Он подумал, что нельзя соглашаться. Ни за что, надо ехать в Крым. Надо садиться за вечное. За прозу… И все-таки он ждал этого звонка. Над рекой уже трава и тюльпаны. А вечерами костры. Стирают белье… Пахнет пылью, горелым кизяком. Очумело кричит ишак, забравшись в горы. Бормочет искусственный водопад возле помоста у чайханы…

Коктебель

Утром Сапожников вышел из хибарки и увидел большую серую медведицу. «Смотрите! — закричал он. — Смотрите!» Первой его услышала медведица. Потом пошла прочь через кустарник — будто бы нехотя, неторопливо, а на самом деле очень быстро и толково, сперва куда-то за свалку, а потом по лесу за перевал, по своей привычной тропе, размазанной туристскими кедами. Это была настоящая медведица в настоящем лесу, среди сопок. И это было прекрасно.

Протирая глаза, из хибары выходили инструктора, из палаток выскакивали промерзшие за ночь, покусанные комарами туристы. Выяснилось, что медведица уже приходила ночью, распорола бок палатки, утащила ящик с галетами. Инструктора и туристы сходились во мнении, что медведицу нужно «отстрелять». Просто пристрелить ее в заповеднике они не имели права, нужно было «разрешение на отстрел». Медведица ходила в открытую по своей тропе, по своему шеломайнику, и Сапожников подумал, что судьба ее решена. И еще он с тоской подумал, что ему надо улетать. Он посмотрел на небо. Из-за вулкана Кихпиныч тянулась серая мгла. Никто не знал, будет ли сегодня вертолет. Уже три дня Сапожников ходил с приюта на приют в погоне за вертолетом. Вертолет «еще не пришел» или «только что ушел». Он издевательски жужжал где-то совсем рядом, за горами. Отчаянье охватывало Сапожникова. Ему начинало казаться, что он должен немедленно попасть в Жупаново, в Петропавловск, в Москву… По спокойном размышлении он понимал, что ему нечего делать в Москве: никто не ждал его там, а здесь была так давно обещанная ему Камчатка. Однако он все реже был способен к спокойному размышлению. Современная техника могла вырвать его из самой глухой тундры, в одночасье перенести за десять тысяч километров, калеча сердце, изнашивая нервы. И вот он рвался в Москву, в которой ему сейчас было нечего делать. Он знал, что все равно не сможет сесть за работу в Москве, потому что Марина уже месяц была на юге. Он старался не оставлять ее одну надолго, просто так, вероятно, чтобы «не вводить во искушение». Сейчас она была с Глебкой, и ей, вероятно, приходилось нелегко… Бедная девочка. Сапожников подумал о ней с теплотой, впервые после многомесячных распрей. Вспомнил, что она у него «красавица и умница» (так она любила говорить о себе). Из хибары вышла Таня, инструкторша, провожавшая Сапожникова с соседнего приюта. Они ночевали сегодня рядом, на полу, одетые, в холоде и многолюдье, без толку разжигая друг в друге желание. Вид у Тани был довольно помятый, и Сапожников в первое мгновенье рассматривал ее, словно не узнавая. Потому он спрятал взгляд, но она успела перехватить его и, кажется, все поняла.

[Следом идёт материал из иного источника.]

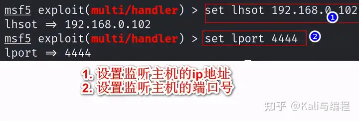 3.设置监听kali虚拟机的ip地址和端口号(与之前生成apk木马文件的命令参数相同)
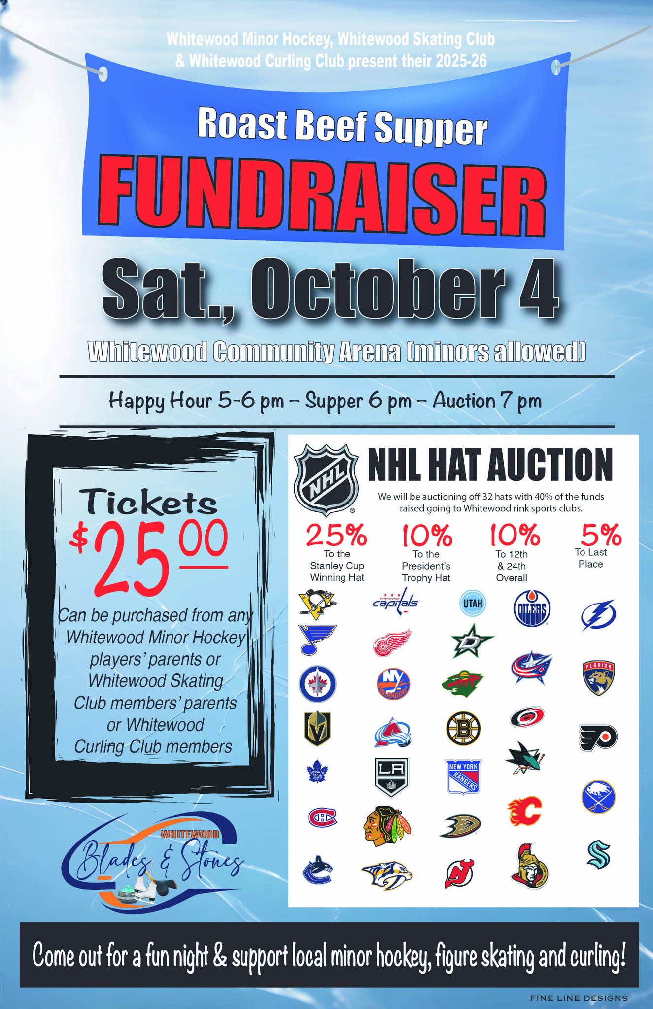 Roast Beef Supper Fundraiser by Blades & Stones Posted on September 9, 2025 by Whitewood-AssistantAdmin Calendar Add to Calendar Add to Timely Calendar Add to Google Add to Outlook Add to Apple Calendar Add to other calendar Export to XML When: October 4, 2025 @ 4:00 pm – 9:00 pm 2025-10-04T16:00:00-06:00 2025-10-04T21:00:00-06:00 Where: Whitewood Community Arena
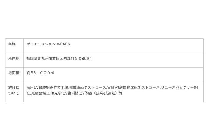 施設について:商用EV最終組み立て工場,完成車両テストコース,実証実験/自動運転テストコース,リユースバッテリー組立,充電設備,工場見学,EV資料館,EV体験(試乗/試運転)等

— Как бы тебе улететь… — сказала она соболезнующе.

Туристы принесли им в ведре остатки манной каши.

— Дяденька художник, поешь, — сказала маленькая девочка.

— Как надо говорить? — строго спросила Таня.

— Оставь, — сказал Сапожников. — Спасибо, моя славная.

Таня была довольна, что не придется готовить. Они ушли в хибару и доели кашу. Вторая группа принесла от костра пшено.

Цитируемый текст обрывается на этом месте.